Kate Cranston lived from 27 May 1849 to 18 April 1934. She did much to promote the popularity of tea rooms, and was an important patron of Charles Rennie Mackintosh. The wider picture in Scotland at the time is set out in our Historical Timeline.
Catherine, or Kate, Cranston was the daughter of George Cranston, a Glasgow baker and pastry maker who, in 1849, the year of her birth, diversified into running a hotel. Originally the Edinburgh and Glasgow Railway Hotel, this became the Royal Horse Hotel and, in 1852, "Cranston's Hotel and Dining Rooms".
Kate's older brother, Stuart, became a tea dealer at a time when Glasgow had a strong temperance movement and tea, until the 1830s a luxury for the rich, was increasingly being seen as an alternative to alcohol for the working classes. Stuart pioneered the idea of tea rooms in which his tea could be drunk in simple surroundings. Although Kate was not the first in the family to enter the business, when she established the Crown Luncheon Room on Glasgow's Argyle Street in 1878 she took the tea room to another level, placing great emphasis on the quality of the design and decor, on cleanliness, and on quality and choice of food.

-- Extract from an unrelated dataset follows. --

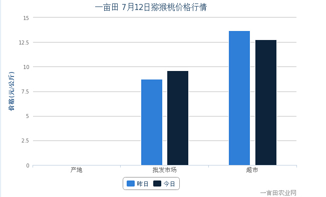 2014年7月12日猕猴桃批发市场价格为9.60元/公斤,超市价格为12.75元/公斤,批发市场价格上调,超市价格下调。
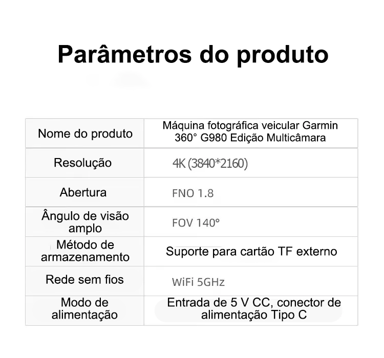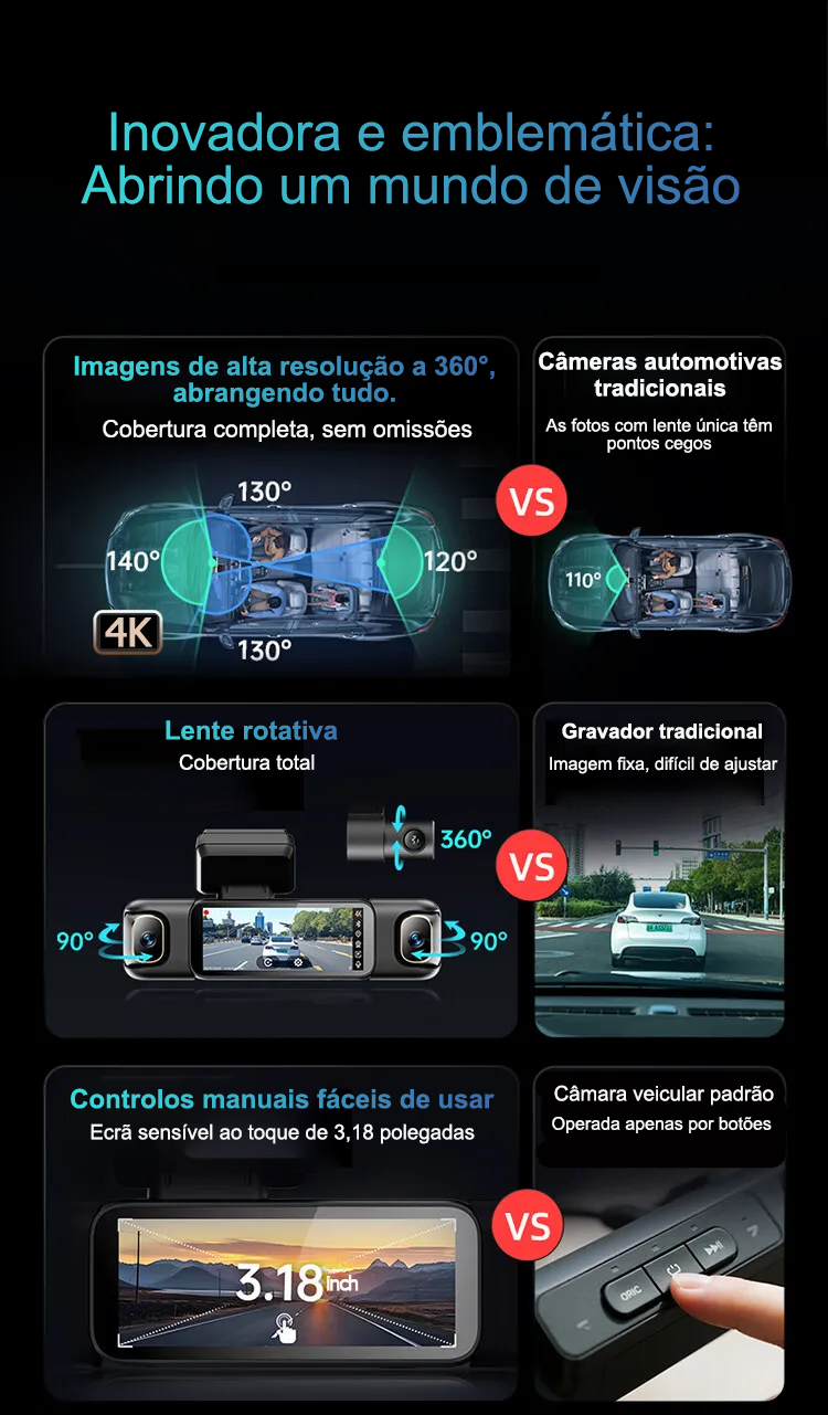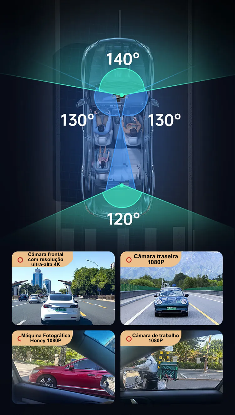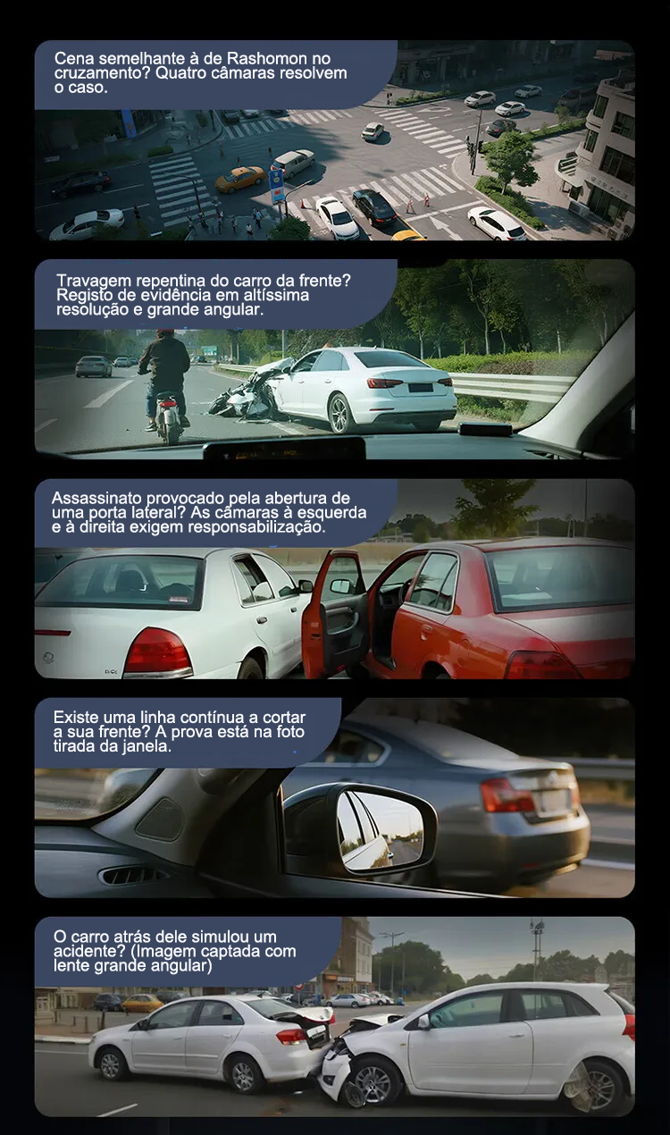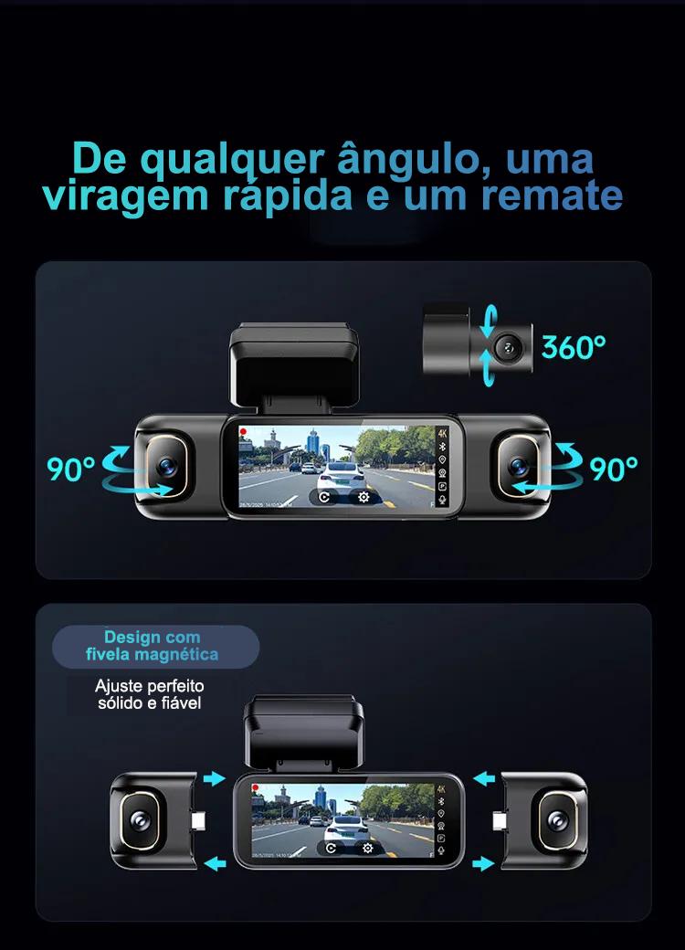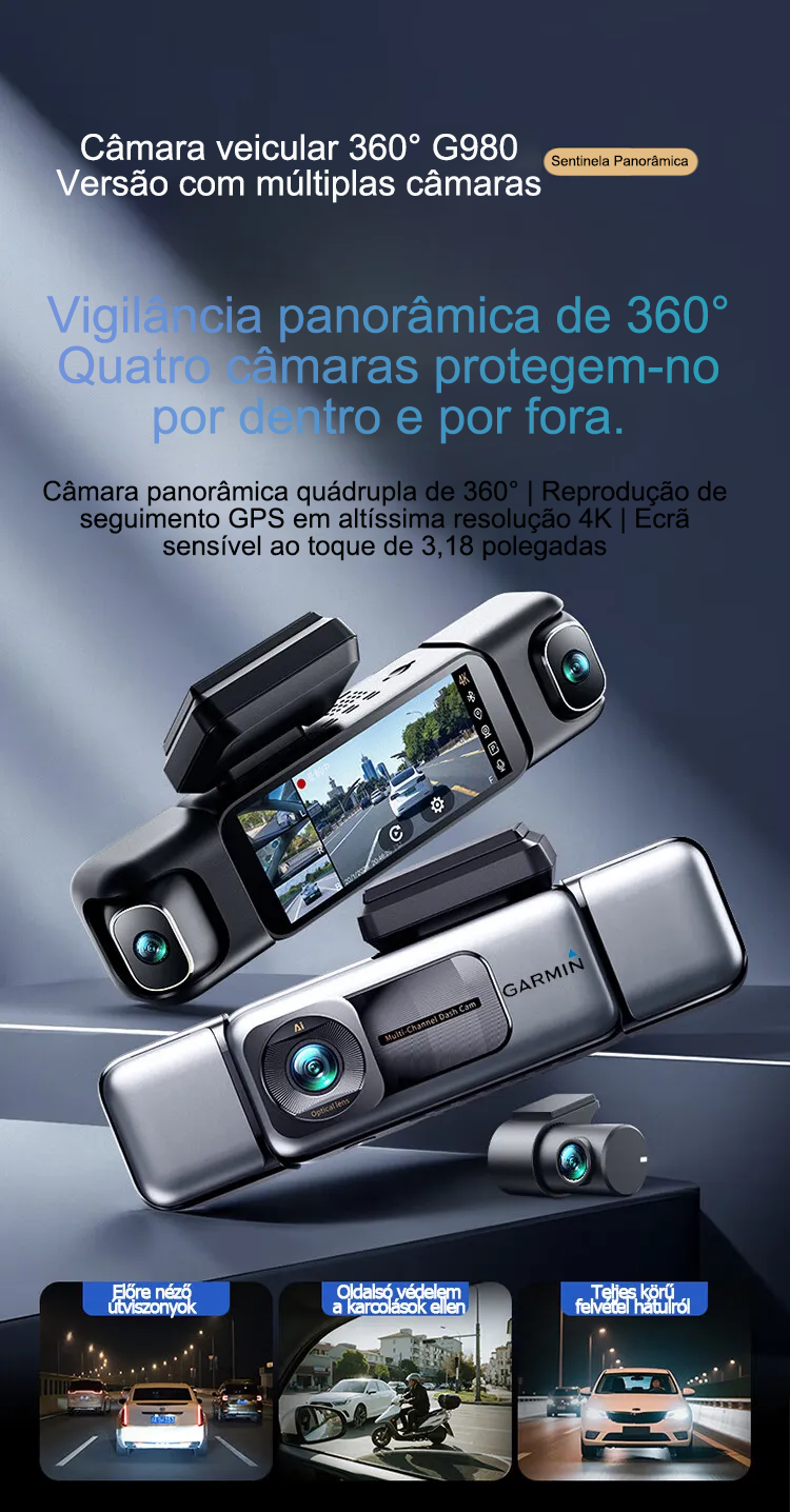 Câmara automóvel G980 com inteligência artificial e controlo por voz, equipada com quatro câmaras, ecrã panorâmico de 360°, visão noturna 4K Ultra HD e rastreamento por GPS

In 1892 Kate married John Cochrane, but continued to trade as Miss Cranston's Tearooms. She had opened her second tea room, in Ingram Street. She added a further tea room in Buchanan Street in 1897, and completed her chain with the Willow Tea Rooms in Sauchiehall Street, which opened in 1903. Miss Cranston's Tearooms became the thriving centres of Glasgow society.
Kate Cranston always saw good design as central to her success. In 1888 she commissioned interior designer George Walton to design an Arts and Crafts styled extension for it the Ingram Street premises. Then, in 1900, she asked Charles Rennie Mackintosh and his wife Margaret Macdonald to design a room, also at Ingram Street. She must have been impressed with the result, because she entrusted Mackintosh and Macdonald with all aspects of the design of the Willow Tea Rooms. The results were a sensation at the time, and remain so today, such is the enduring quality of excellent design.
Kate Cranston pursued a number of other projects over the following years, sometimes calling on the design skills of Charles Rennie Mackintosh and Margaret Macdonald. When he husband died in 1917 she sold her tea rooms and other business interests, and withdrew from public life. She had no children and after her death in 1934 it emerged that she had left two thirds of her estate to the poor of Glasgow.